I've tried using another scanf inside the function itself scanf("%2d"...) but then I can't have the other scanf in main for my other functions.
So how can I do this?
How about just divide the year number by 100?
int year, first_two_digits;
scanf("%d",&year);
first_two_digits = year / 100;
I wonder how your program should behave after year 10000.
In this case, I would just read the year and extract the first two digits:
int year;
scanf("%4d", &year); // assuming a four digit year
int first_two_digits = year / 100;
I had a very similar question - https://math.stackexchange.com/questions/120459/how-to-find-the-first-and-last-n-2-digits-from-an-n-digit-number
In your case, if it is always a 4-digit number and you always need the first 2-digits, then as others suggested X/100 would be the best thing to do.

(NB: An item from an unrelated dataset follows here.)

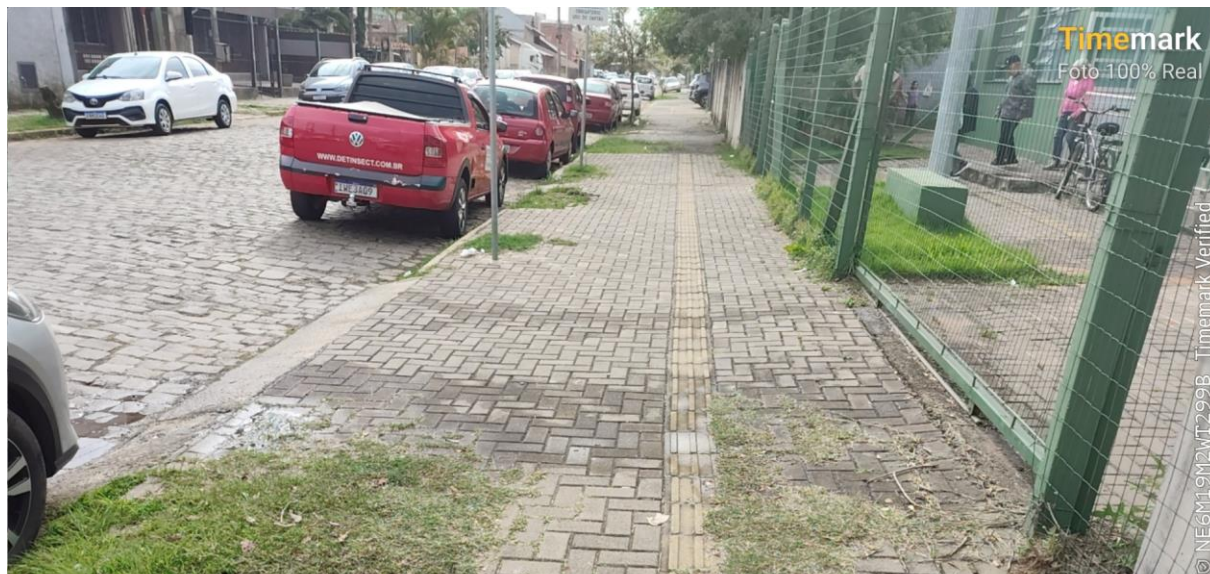
Passeio e cercamento atual

But if you need n/2-digits from an n-digit integer, say X, then you may have to use the following:
first n/2 digit (for even value of n) = X / 10^(n/2)
first n/2 digit (for odd value of n) = X / 10^((n+1)/2)
last n/2 digit (for even value of n) = X - [first n/2 digit * pow(10, n/2)]
last n/2 digit (for odd value of n) = X - [first n/2 digit * pow(10, (n+1)/2)]
The following may be an overkill, but you may be looking for something like this!
int getn(int num)
{
return (int) log10(num) + 1;
}
void gethalfs(int num, int * first, int * last)
{
int n, po;
if (num == 0) return;
n = getn(num);
/* Here you can calculate the value of po based on whether n is even or odd */
po = (int) pow(10, n/2);
*first = num / po;
*last = num - *first * po;
return;
}
In order to get the number of digits in a given integer i.e. n in the above case, you may look at the following possible methods - count number of digits - which method is most efficient?
Hope this helps!
using separate variable to get the first two digits that is first2digits=year/100;
You can get the first 2 digits of any number by using the flowing :
INT(X*10^(-INT(LOG(X))+1))
for Example :
X = 0.005432 then Log(X) = -2.265 and Int(Log(x)) = -3 . So, 10^(-int(log(x))+1) = 10^4 = 10000. Finally , int(X * 10000 ) = 54 which are the first 2 digits.
X = 3.45 then Log(X) =0.53 and Int(Log(x)) = 0 So, 10^(-int(log(x))+1) = 10^1 = 10. Finally, int(X * 10 ) = 34 which are the first 2 digits.
X = 3543.45then Log(X) =3.459 and Int(Log(x)) = 3 So, 10^(-int(log(x))+1) = 10^-2 = 0.01. Finally , int(X * 10 ) = 35 which are the first 2 digits.